Hanson’s affidavit did not identify the source of such detailed financial data, and ICE did not respond to questions about her investigation.
But ICE agents have access to detailed data about hundreds of millions of wire transfers to Mexico through a secretive database run by the Transaction Record Analysis Center, a nonprofit in Arizona.
The Arizona state attorney general’s office established TRAC in 2014 to house a database that, as of July 2024, contained records about nearly 340 million transfers sent via companies like Western Union and MoneyGram. Like her predecessors, the current attorney general, Democrat Kris Mayes, powers this data dragnet using administrative subpoenas served on the companies, which send data about their customers straight to TRAC.
“TRAC was, at least on paper, created to investigate money laundering,” said Abigail Kunkler, a legal fellow at the Electronic Privacy Information Center, by email. “Sharing the information in TRAC with ICE is a prime example of function creep, when you gather all this information for one stated purpose but later use it for something else against a person’s set expectations.”
Hundreds of law enforcement agencies around the country have access to TRAC’s data, but ICE has long played an outsized role in the nonprofit’s operations. ICE agents even used legally dubious subpoenas of their own to feed data about more than 6 million wire transfers into TRAC, until Sen. Ron Wyden, D-Ore., exposed the arrangement in 2022.
The Intercept is currently suing the Arizona attorney general and TRAC under the state public records law, after both entities refused to release documents about the database earlier this year.

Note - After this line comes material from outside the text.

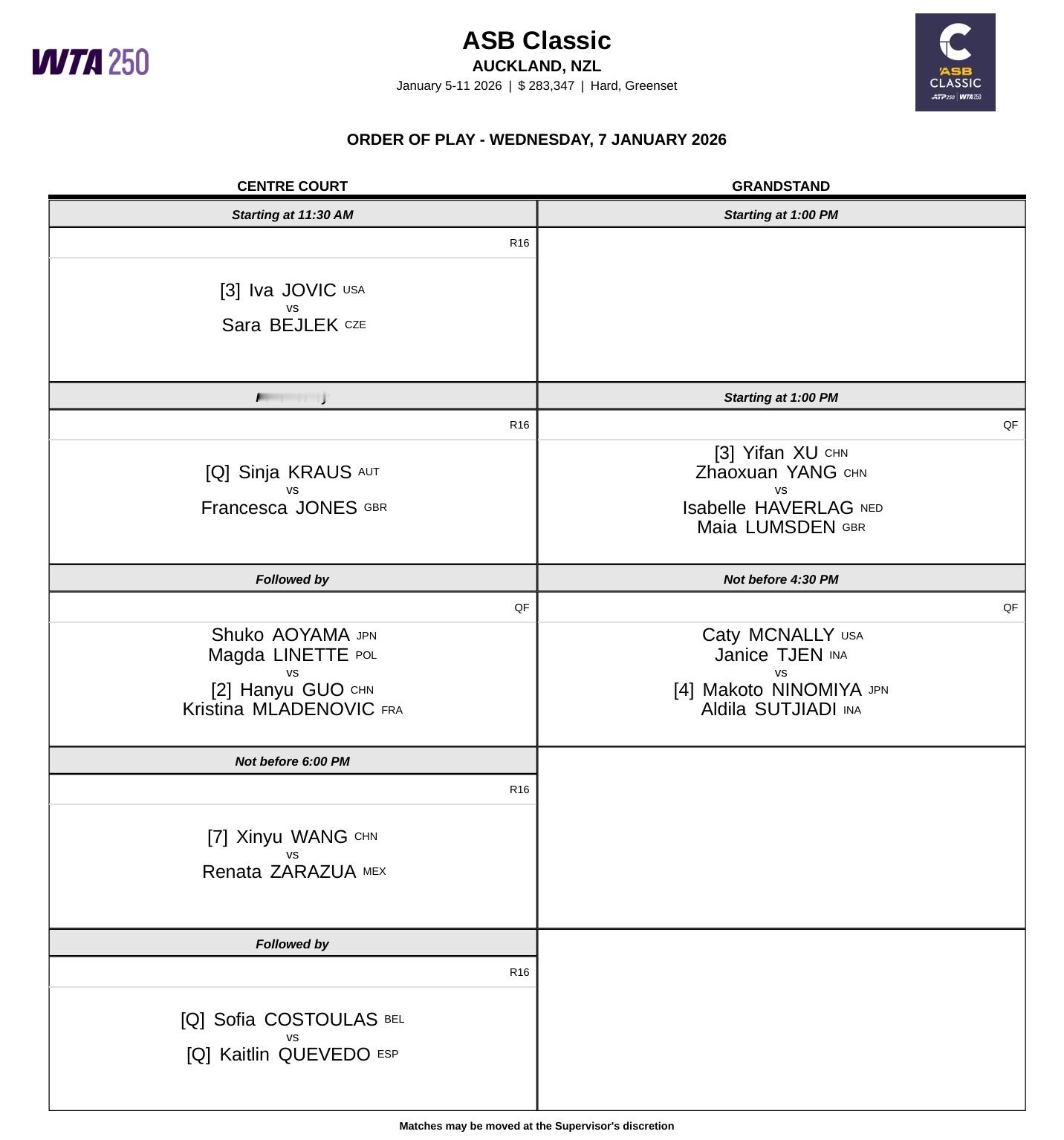 周三赛程📅布里斯班站阿尼西莫娃、佩古拉、米拉·安德列娃出战,奥克兰站王欣瑜冲击八强。以下安排均为北京时间👇🎾WTA500布里斯班站📍帕特·拉夫特球场9:00 - 卡林斯卡娅 vs 佩古拉不早于16:30 - [W]比勒尔 vs 阿尼西莫娃📍1号场不早于10:30 - [W]琼斯 vs [10]萨姆索诺娃随后 - 弗莱彻 vs 诺斯科娃随后 - 米拉·安德列娃 vs [Q]盖德基📍2号场9:00 - [13]费尔南德斯 vs 雅斯特雷姆斯卡随后 - 陶森 vs [Q]萨斯诺维奇不早于12:00 - 巴多萨/萨巴伦卡 vs 布克沙/佩雷兹随后 - 谢淑薇/奥斯塔彭科 vs [W]韩天遇/穆霍娃随后 - [16]科斯秋克 vs [L]普丁塞娃🎾WTA250奥克兰站📍中心场6:30 - 约维奇 vs 贝莱克随后 - [Q]克劳斯 vs 琼斯随后 - 青山修子/里内特 vs 郭涵煜/穆拉德诺维奇不早于13:00 - 王欣瑜 vs 扎拉祖阿随后 - [Q]克斯特拉斯 vs [Q]克韦多📍大看台号场8:00 - 徐一璠/杨钊煊 vs 哈弗拉格/卢姆斯登
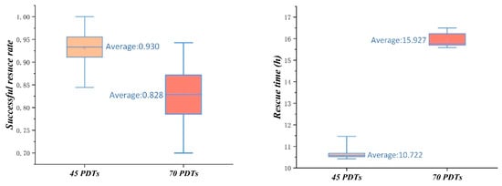 To verify the adaptability of the TPM for different rescue situations, a simulation experiment with 70 PDTs was conducted with other parameters equal to those mentioned in this study. Moreover, the initial positions of the PDTs were randomly generated, which caused uncertainties. The prediction trajectories of the PDTs also caused uncertainties in the Monte Carlo experiments, and the simulation results might be different for the same case because of uncertainty factors, including the hardware platform that supports the simulation environment. Therefore, to reduce the impact of random factors on the simulation results, the simulation of the TPM-0.5 for 45 and 70 PDTs was conducted fifty times separately. The box line diagram of the successful rescue rate and the rescue time for the TPM-0.5 is shown in Figure 14. The results demonstrate the adaptivity of TPM with different numbers s of PDTs. The successful rescue rate decreases as the number of the PDTs increases, whereas the change in the rescue time follows the opposite trend.

Neither office responded to The Intercept’s questions for this article.
But both previously downplayed the possibility that ICE agents might use TRAC data to target immigrants for deportation.
“To our understanding there is nothing in the data TRAC collects that provides information on an individuals’ immigration status and TRAC data is used exclusively for money laundering investigations,” said Mayes’s spokesperson, Richie Taylor, in an email in April.
“TRAC has a very clear data use policy that states that TRAC data is to be utilized for money laundering investigation purposes,” TRAC’s president, Rich Lebel, wrote in a statement by email, also in April. “That data use policy has not changed during the current administration, nor has the routine monitoring of the system by TRAC personnel for any abuses.”
But Lebel was less categorical in a statement to Civil Beat, saying that money laundering constitutes “the majority of cases” for which agents use TRAC.
Before searching the TRAC database, agents must promise not to abuse their access and declare the “underlying predicate offense” for a given query, under an agreement Mayes’s office signed with TRAC in 2023.
Hanson did not respond to questions about what role, if any, TRAC data played in her surveillance of Cordova Murrieta, and, if so, what “predicate offense” she entered before accessing the data.
“The use of financial data in this way violates our assumed privacy and raises serious Fourth Amendment concerns,” said the ACLU’s Rizvi. “If this is what’s being done today, we must ask: what else are we surrendering to unchecked surveillance under the guise of enforcement?”